According to radiocarbon preserved in ancient tree rings, several centuries’ worth of climate breakdown, mass extinctions, and even changes in human behaviour can be directly linked to the last time Earth’s magnetic field changed its polarity.

 

The research team has named the period the Adams Transitional Geomagnetic Event, or Adams Event, after sci-fi writer Douglas Adams, who famously declared the number 42 the ultimate answer to life, the Universe, and everything.

“For the first time ever, we have been able to precisely date the timing and environmental impacts of the last magnetic pole switch,” said Earth scientist Chris Turney of the University of New South Wales in Australia. 

“The findings were made possible with ancient New Zealand kauri trees, which have been preserved in sediments for over 40,000 years. Using the ancient trees we could measure, and date, the spike in atmospheric radiocarbon levels caused by the collapse of Earth’s magnetic field.”

This most recent period of magnetic reversal is known as the Laschamp event, and it is what we call a geomagnetic excursion. This is when the planet’s magnetic poles briefly swap places before returning to their original positions. It’s one of the most well studied of Earth’s magnetic field events, recorded by ferromagnetic minerals.
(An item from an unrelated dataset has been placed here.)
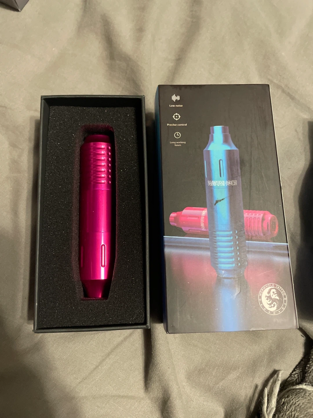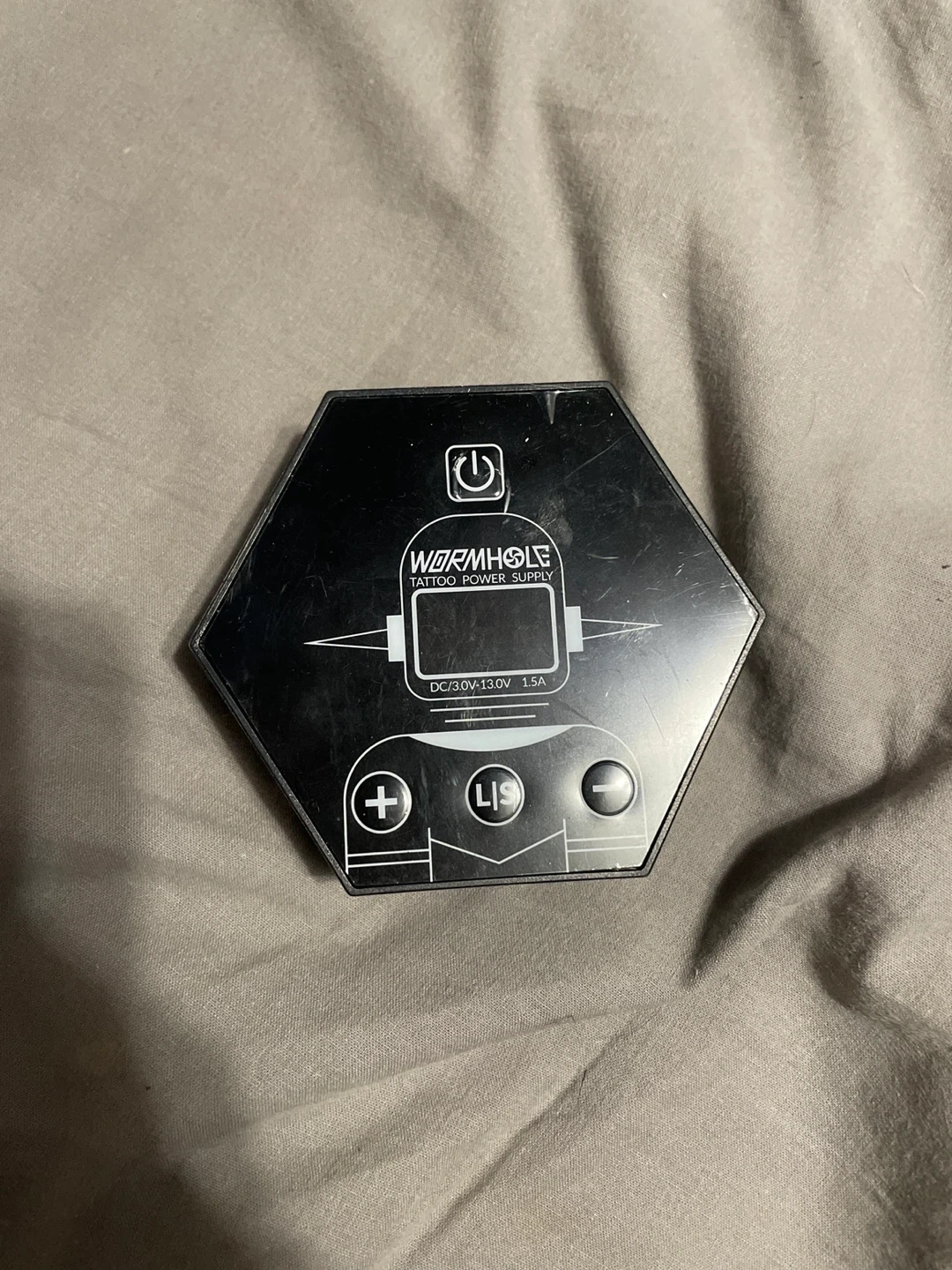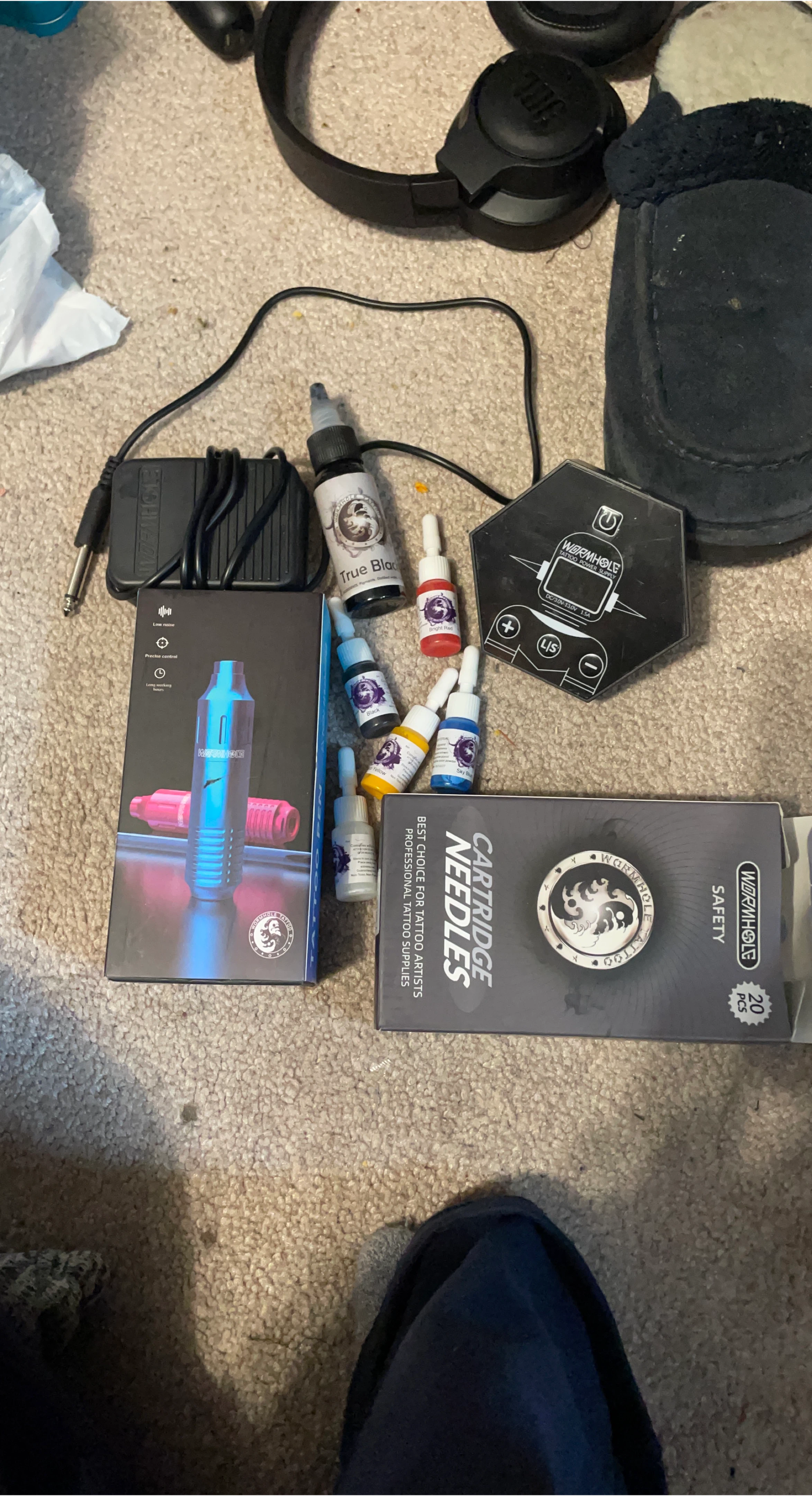 15Selling a Wormhole tattoo kit that includes a variety of items for tattooing. The kit features a tattoo pen, cartridge needles single and shading, a power supply, and several bottles of tattoo ink in different colours like True Black, Sky Blue, Deep Yellow, and Bright Red. Big bottle of black comes with ink caps one piece of fake skin and a pair of gloves all wires only used 4 times, CASH ONLY
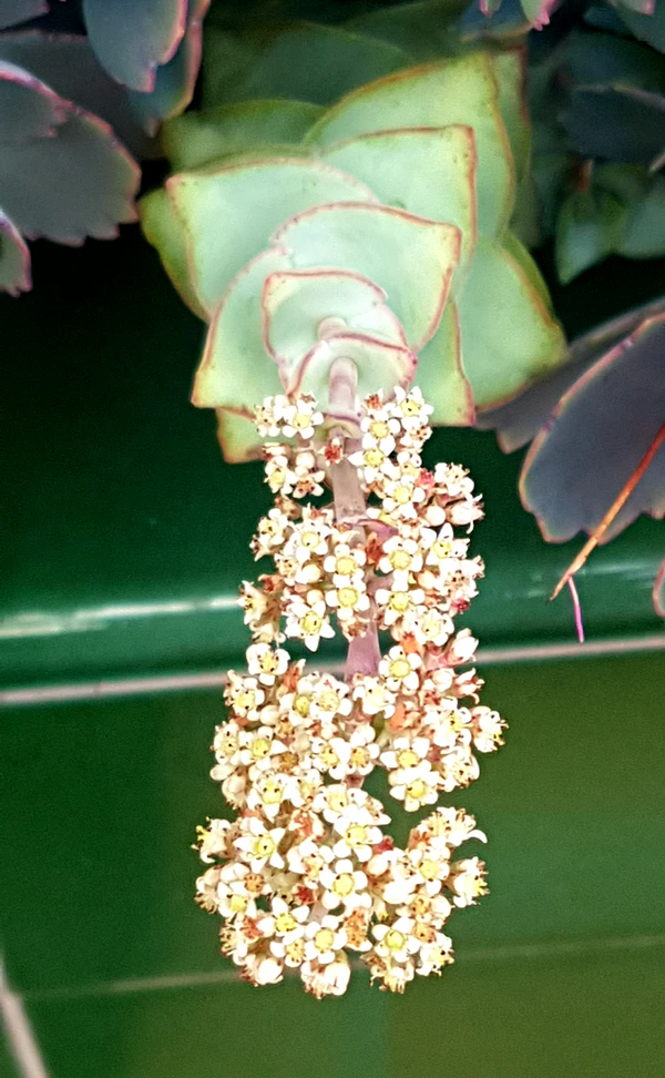 В период с июня по октябрь растение образует тирсовые, трихотомические и округлые соцветия. Цветки соединены со стеблями пурпурными цветоносами длиной до 20 миллиметров, частично скрытыми верхними листьями и прицветниками длиной не менее 3 миллиметров. Они звёздчатые, как и у других видов, принадлежащих к роду Толстянка, могут достигать 6 миллиметров в диаметре и обычно белого или розового цвета.

It took place around 41,000 years ago, and lasted for around 800 years. Exactly what impact this event had on life on the planet was unclear, though – so when scientists uncovered an ancient kauri tree (Agathis australis) in 2019 that had been alive during this time period, they seized on the chance to learn more.

 

That’s because trees record atmospheric activity in their annual growth rings. In particular, carbon-14, or radiocarbon, can reveal a lot of information about celestial activity.

Radiocarbon only occurs on Earth in trace amounts compared to the other naturally occurring carbon isotopes. It’s formed in the upper atmosphere under the bombardment of cosmic rays from space. When these rays enter the atmosphere, they interact with the local nitrogen atoms to trigger a nuclear reaction that produces radiocarbon.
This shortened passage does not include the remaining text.